En conséquence aux changements climatiques et à l'industrialisation, une augmentation de l'accessibilité aux ressources naturelles et des risques d'impact sur les écosystèmes arctiques sont anticipés. L'administration de ces écosystèmes, le développement durable des ressources et l'adaptation des collectivités du Nord dans un Arctique en mutation exigent une intensification massive de la collecte d'observations scientifiques. L'ensemble de ces observations doit être structuré en banques de données géo-référencées et dans des modèles qui fourniront aux intervenants du gouvernement, à l'industrie et aux collectivités du Nord, les connaissances nécessaires pour assister leurs décisions. La CERC sur la télédétection de la nouvelle frontière arctique du Canada traite de plusieurs aspects de cet important défi, en se concentrant sur l'étude des écosystèmes marins de l'Arctique canadien. La CERC travaillera à 1) appliquer les dernières avancées scientifiques en matière de télédétection, associées à des expéditions océanographiques, afin de détecter et de suivre les réponses des écosystèmes marins arctiques à la variabilité et aux changements climatiques ; 2) développer des modèles de diagnostic et de prédiction des écosystèmes marins arctiques; 3) perfectionner le déploiement dans les mers couvertes de glace de nouvelles technologies telles que les flotteurs-profileurs et les véhicules autonomes sous-marins, et 4) concevoir un système d'archivage intégralement géoréférencé pour favoriser la synthèse et la diffusion aux instances décisionnelles de notre compréhension scientifique croissante des changements dans les écosystèmes marins arctiques et de leurs conséquences socio-économiques.

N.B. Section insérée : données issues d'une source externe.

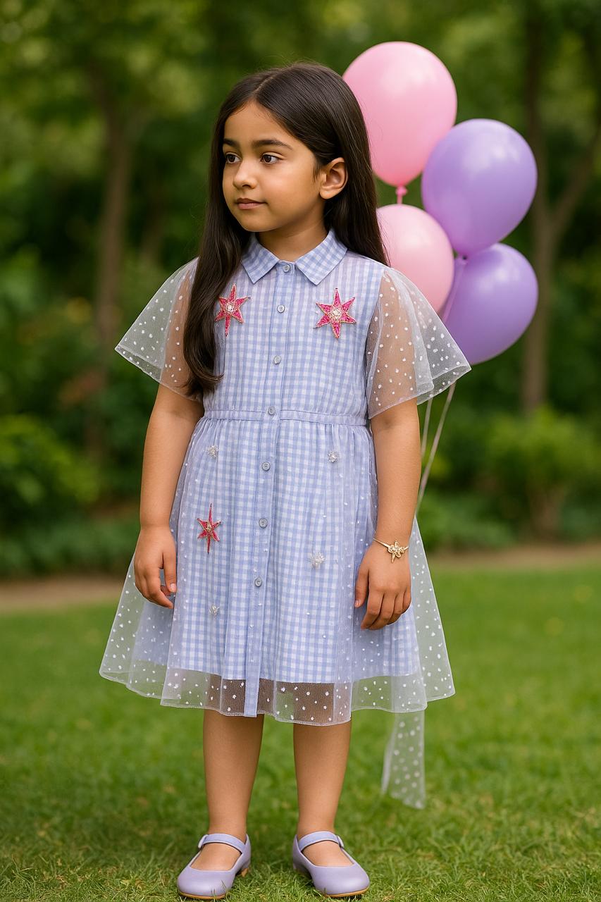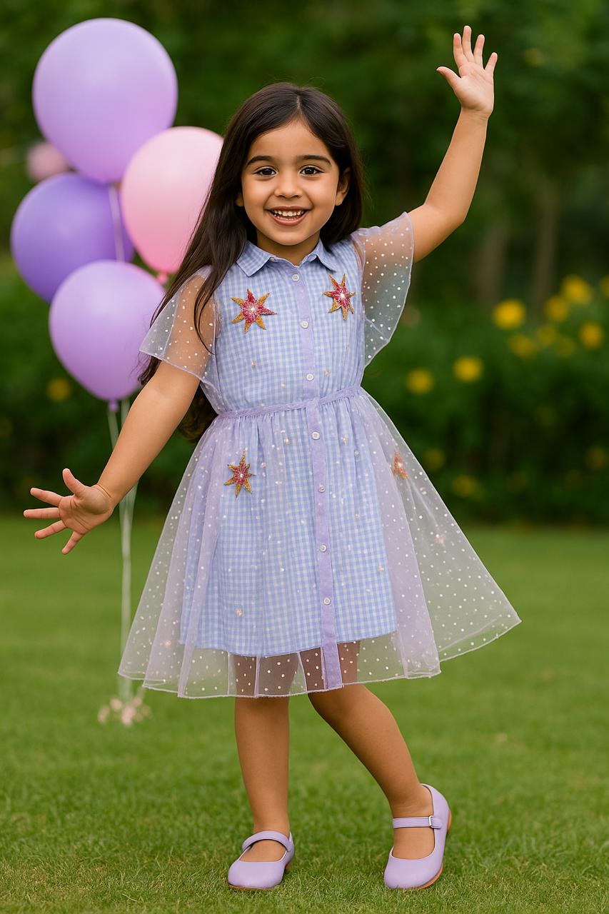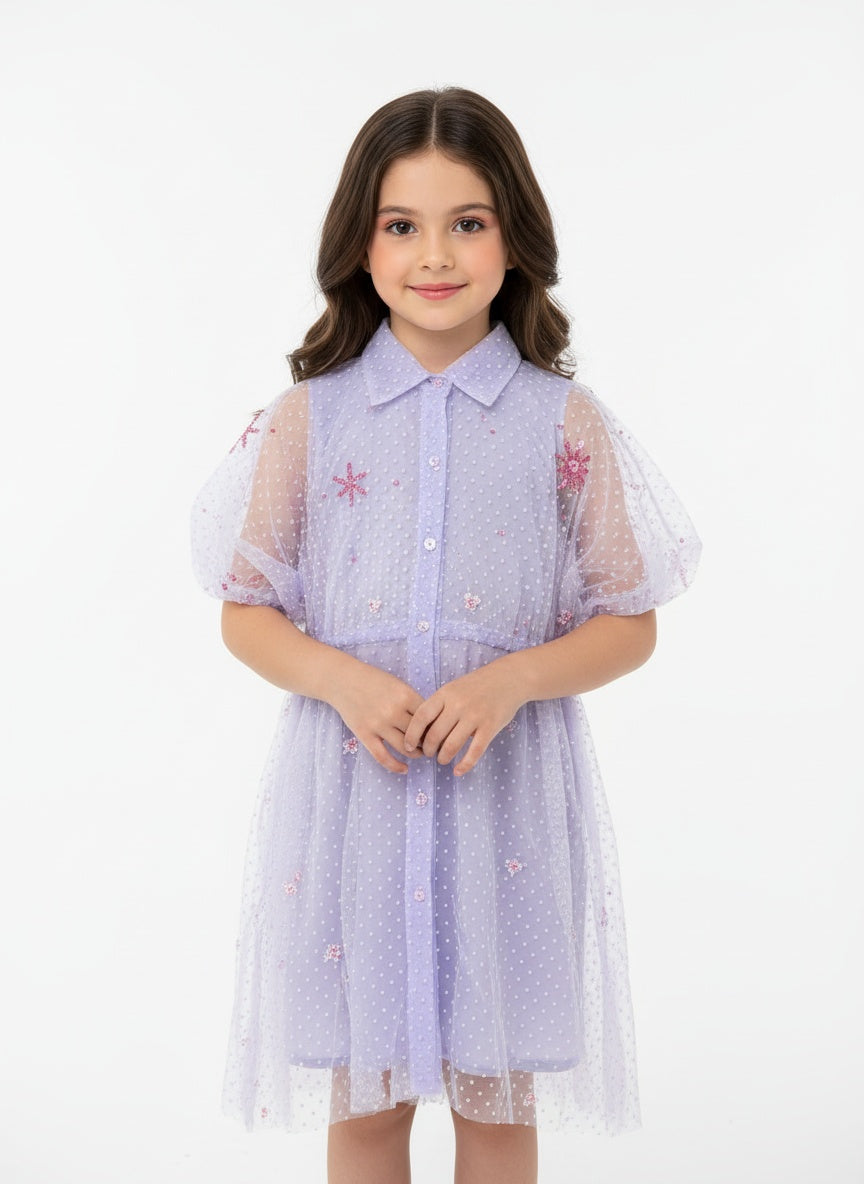 فستان من التول البنفسجي الرقيق المشكوك يدويا يناسب الصغيرات

La CERC s'associe à un regroupement d'excellence en recherche polaire à l'Université Laval, regroupant quatre centres de recherche ayant un mandat dans l'Arctique (Québec-Océan, l'océanographie arctique; Centre d'études nordiques (CEN), les géosystèmes et les écosystèmes nordiques; Nasivvik, la santé des Inuits; et CIÉRA, la culture et la socio-économie des Inuits), ainsi que le Réseau canadien de Centres d'Excellence ArcticNet et les grandes infrastructures de recherche dans l'Arctique telles que le brise-glace de recherche canadien NGCC Amundsen et les stations terrestres de recherche arctique du Réseau CEN. En collaboration avec ArcticNet et GÉOIDE, deux Réseaux de Centres d'Excellence basés à l'Université Laval, la CERC s'appuiera sur des outils puissants de la géomatique pour la recherche dans l'Arctique, ajoutant ainsi un atout supplémentaire aux programmes d'observation actuels. En plus d'une expertise scientifique multidisciplinaire dans l'Arctique, la capacité de recherche polaire présente à l'Université Laval fournira à la CERC un soutien administratif, technique et logistique inégalé, garantissant ainsi la mise en œuvre rapide du programme ambitieux de recherche de la Chaire.

En parallèle, le CNRS français créa une Unité Mixte Internationale sollicitant l'expertise de six chercheurs rémunérés par la France et travaillant à l'Université Laval en support à la CERC. La CERC va ainsi fournir un support important pour le Canada grâce à ces opportunités exceptionnelles de transfert technologique.

En résumé, la CERC contribuera de façon significative à consolider le développement du leadership du Canada dans la recherche arctique et à satisfaire les besoins des instances décisionnelles dans l'Arctique canadien.